As the BR, for example, products of Ube Industries, Ltd., JSR Corporation, Asahi Kasei Co., Ltd., and Nippon Zeon Co., Ltd., etc. can be used.

Also, NBR is not particularly limited, and NBR having a corresponding amount of bound acrylonitrile can be used according to the required properties.

(2) Preparation of Rubber Composition for Electronic Component Mounting Member

The rubber composition for an electronic component mounting member can be produced in the same manner as the production of the tire inner member (inner liner) described above. At this time, as in the production of the tire inner member (inner liner), by adjusting the compounding amount of filler such as carbon black and adjusting the compounding amounts of oil and resin components, E* at 0° C. can be adjusted to satisfy the above conditions, and the glass transition temperature (Tg_r) can be adjusted by adjusting the type and compounding amount of the resin component.

(3) Production of Electronic Component Mounting Member

Next, the obtained rubber composition for electronic component mounting members is heated and pressurized into a predetermined shape in a vulcanizer to produce an electronic component mounting member. The vulcanization step can be carried out by applying known vulcanization means. The vulcanization temperature is, for example, higher than 120° C. and lower than 200° C., and the vulcanization time is, for example, longer than 5 minutes and shorter than 15 minutes. Although the housing portion and the joint portion of the electronic component mounting member may be made of different materials, they are preferably integrally formed of the same material.

4. Manufacture of Tires

(1) Manufacture of Tires Before Mounting Electronic Component Mounting Members

In the present disclosure, the tire before mounting the electronic component mounting member can be manufactured by a normal method. That is, first, an unvulcanized tire is produced by molding the inner liner (tire inner member) produced as described above together with other tire members by a normal method on a tire building machine.

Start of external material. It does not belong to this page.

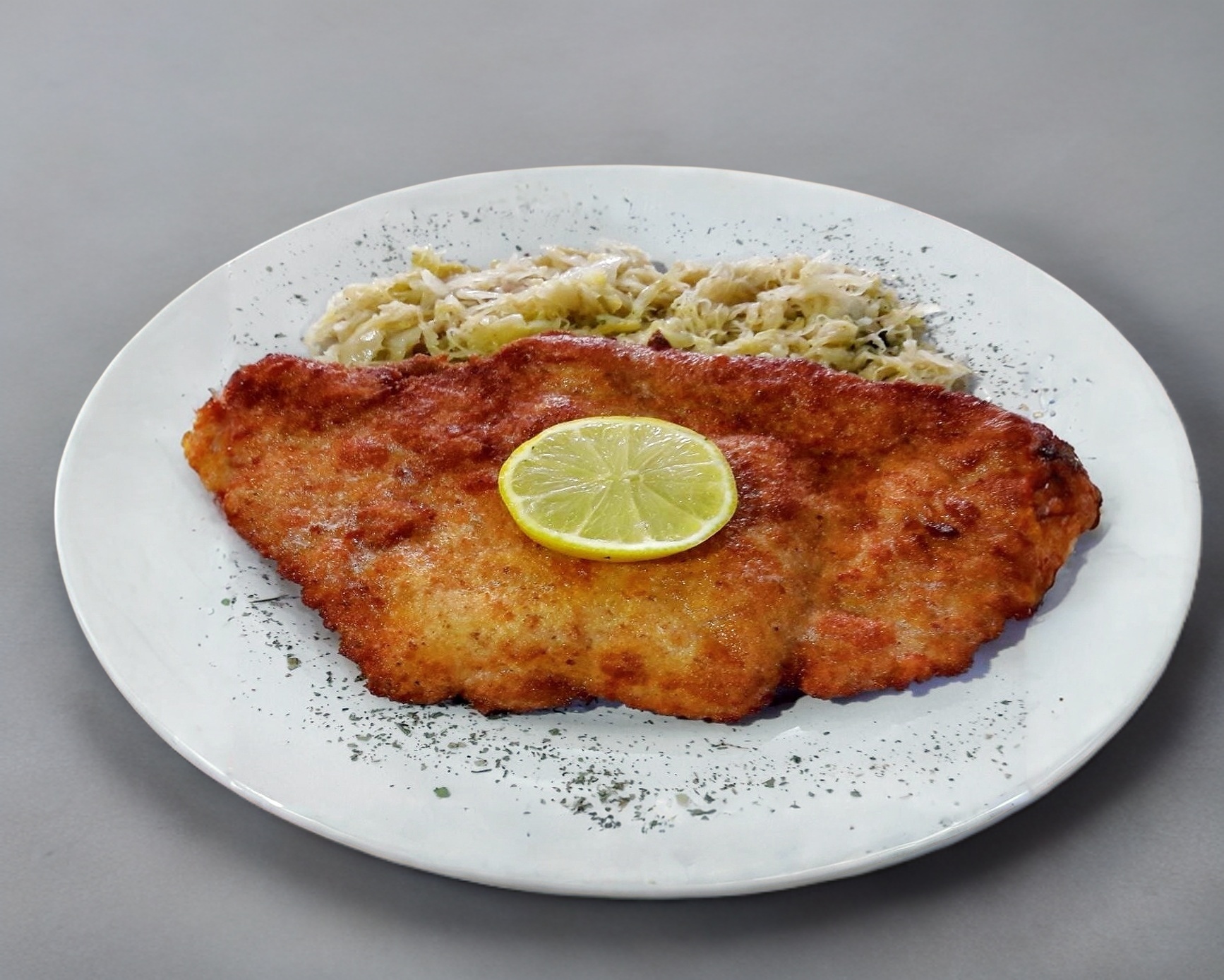 200 Grs. Carne de cerdo empanizada acompañada de dos guarniciones a elegir; Papas hervidas, Papas Fritas, Arroz, Pasta, Semmel Knödel, Col agria, Puré de papa, Verduras al vapor, Ensalada de papa, papa alemana, verduras a la mantequilla, papa al horno.

Specifically, the inner liner manufactured as a member for ensuring the airtightness of the tire, the carcass as a member that withstands the load, impact, and filling air pressure that the tire receives, and the bead portion as a member for fixing both ends of the carcass on both side edges and fixing the tire to the rim are arranged on a forming drum, and the carcass portion is folded back to wrap the bead portion. Next, a bead reinforcing layer, a clinch portion, and a sidewall, as a member that protects the bead portion and the carcass and withstands bending, are adhered so as to be outside the bead portion in the tire width direction, and these are formed into a toroid shape. After that, a belt or the like is wound around the central portion of the outer circumference as a member that strongly tightens the carcass and increases the rigidity of the tread, and the tread is further arranged on the outer circumference to produce an unvulcanized tire.

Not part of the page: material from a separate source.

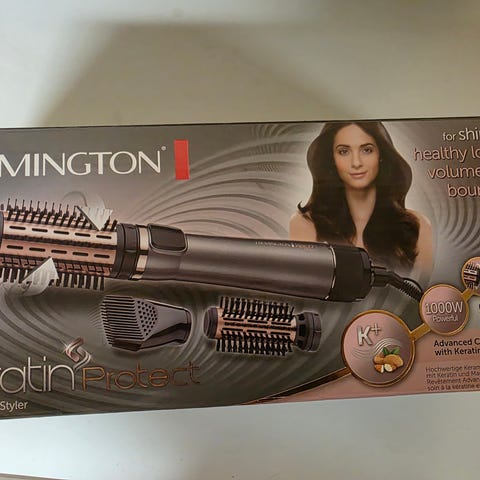 Remington Keratin Therapy hiustenmuotoilija sisältää pyörivät harjat hiusten muotoiluun.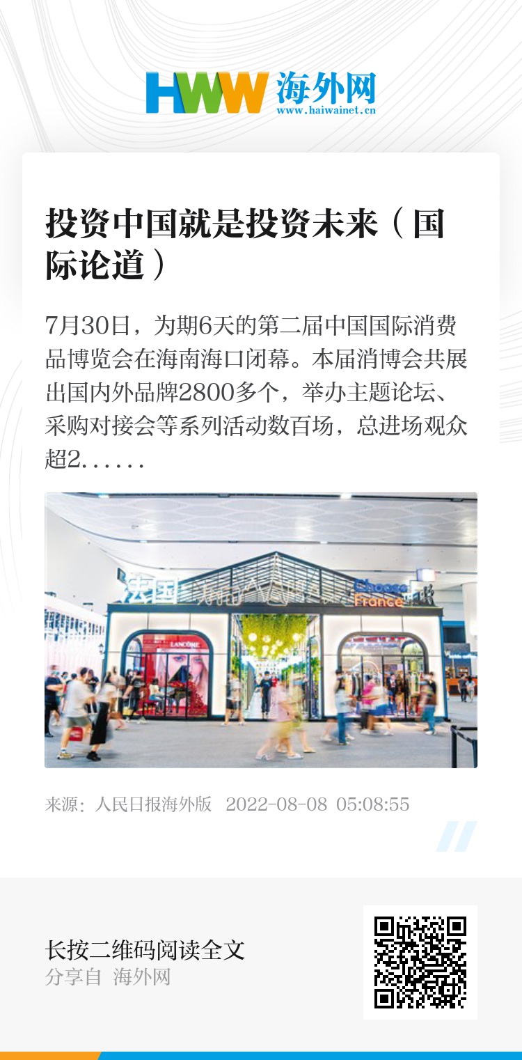 深谙国际市场的外商不愿错过中国市场,因为投资中国就是投资未来。7月30日,第二届中国国际消费品博览会在海口完美收官,效果远超预期。菲律宾《马尼拉时报》评论指出,在本届消博会上,中国市场对国际企业的吸引力再次彰显。塔斯社在报道第二届消博会时也指出,跨国企业、全球知名公司以及年轻品牌都对中国市场的驱动力和海南的营商环境表达了信心。在世界经济增长放缓的背景下,巨大的中国市场对许多企业来说发挥了“救生圈”“销售火车头”或“新商业模式试验场”的作用。

Thereafter, the produced unvulcanized tire is heated and pressurized in a vulcanizer to obtain a tire to which the electronic component mounting member is not mounted. The vulcanization step can be carried out by applying known vulcanization means. The vulcanization temperature is, for example, higher than 120° C. and lower than 200° C., and the vulcanization time is, for example, longer than 5 minutes and shorter than 15 minutes.

(2) Mounting of Electronic Component Mounting Member

Next, using a predetermined adhesive, a separately manufactured electronic component mounting member is mounted to the central portion of the inner member of the manufactured tire in the tire width direction, thereby completing the manufacturing of the tire according to the present embodiment. The electronic component is housed in the electronic component mounting member after production. Further, instead of mounting the electronic component mounting member to the vulcanized tire with an adhesive, the unvulcanized tire and the electronic component mounting member may be vulcanized at the same time. However, since it becomes difficult to replace the electronic component mounting member, it is preferable to mount the electronic component mounting member to the vulcanized tire with an adhesive.

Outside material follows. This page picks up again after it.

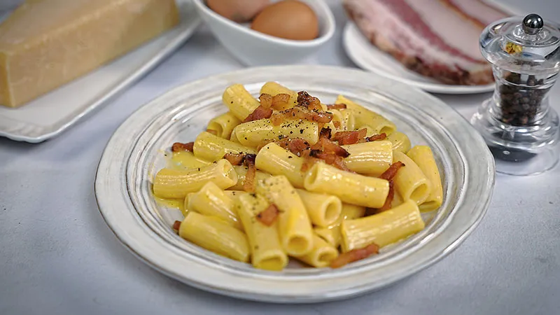 della tradizione. È il piatto che seduce con la sua apparente semplicità, per poi rivelare un equilibrio perfetto tra la grintosa sapidità del Pecorino e la ricchezza opulenta dei tuorli.

The surface of the tire inner member (tire bore) is generally coated with a release agent to maintain releasability during vulcanization. Preferably, the electronic component mounting member is mounted with an adhesive, after removing the release agent. The following two methods are conceivable for removing the release agent.

The first method is to scrape off the release agent using a polishing machine such as a buffing machine (buffing). By using a polishing machine, large unevenness is eliminated and the surface is roughened to ensure a sufficient contact area for bonding.

The second method is to scrape off the release agent using a laser or the like (laser polishing), which enables polishing with higher precision than a polishing machine and enables making the contact surface with the electronic component mounting member smooth. Therefore, it is considered that the peeling resistance is excellent.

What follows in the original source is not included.